Mr Bwalya however indicated that the port last year introduced coal as another product being handled.
“We have seen an increase in cargo year on year. In 2018, we handled about 164,000 metric tonnes then in 2019, 181,000 metric tonnes and last year we were at 205,000 metric tonnes so year on year has been increasing. We are expecting this year an upward of 220,000 metric tonnes of cargo.
“The texture of the cargo type has remained somewhat the same, it is largely construction related cargo such as cement, that is being exported into Burundi. As of last year we saw introduction of coal that is destines for Burundi which has helped to boost the volumes of cargo that we are handling,” he stated.
Meanwhile, Mr Bwalya said the Port had continued with its modernisation agenda as it currently sat with a promise from the Dutch government of a grant of up to Euros 30 million which was supposed to be unlocked with the counterpart funding of 50 percent.
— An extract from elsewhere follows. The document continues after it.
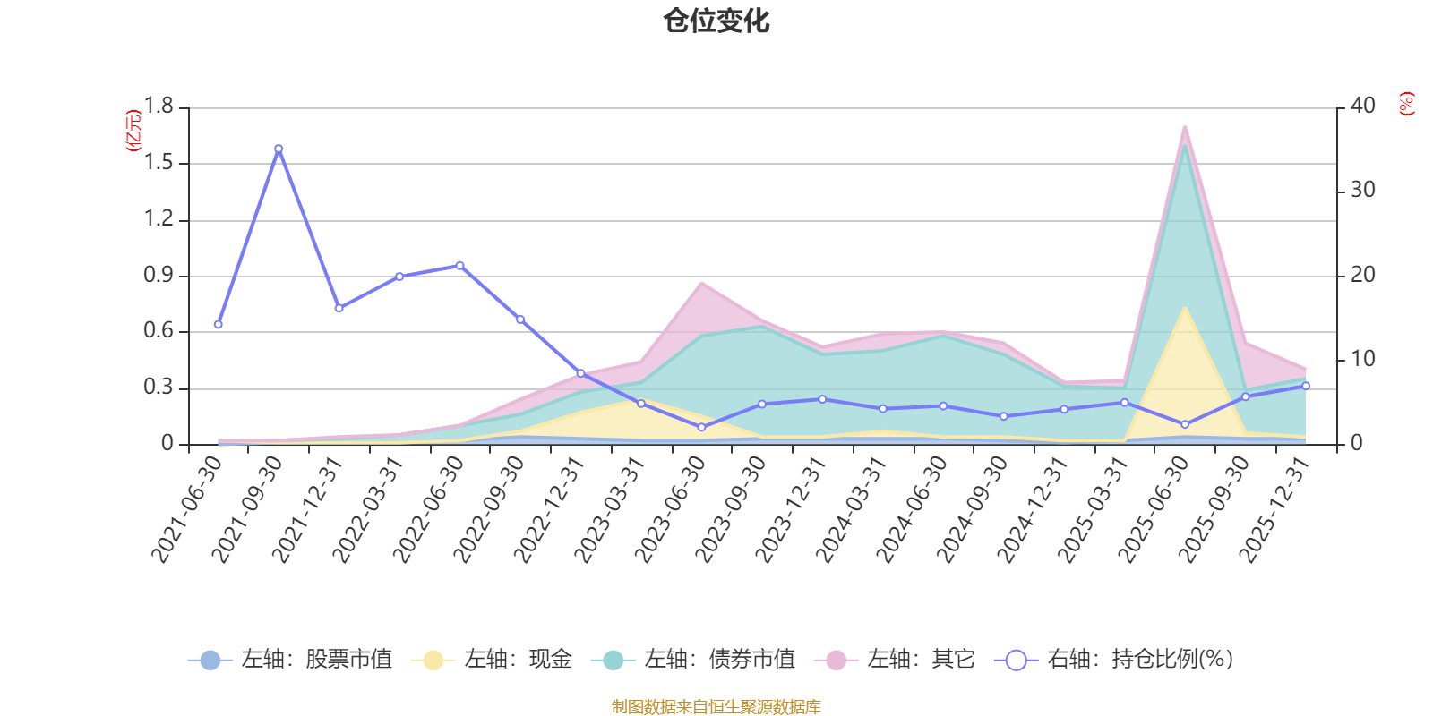 据定期报告数据统计,近三年平均股票仓位为4.44%,同类平均为19.2%。2021年三季度末基金达到35.1%的最高仓位,2023年上半年末最低,为2.04%。

He explained that the Port was also in talks with the Development Bank of Southern Africa and Africa Development Bank to source for the 50 percent counterpart funding.
“We have three specific bottlenecks at the port: the loading area which is very limited and only allows us to handle one vessel at a time, the equipment that we have is also ill scoped for handling cargo and the layout of the port is also inefficient.
“The money we are looking for is largely to attend to these three ambitions,” Mr Bwalya said.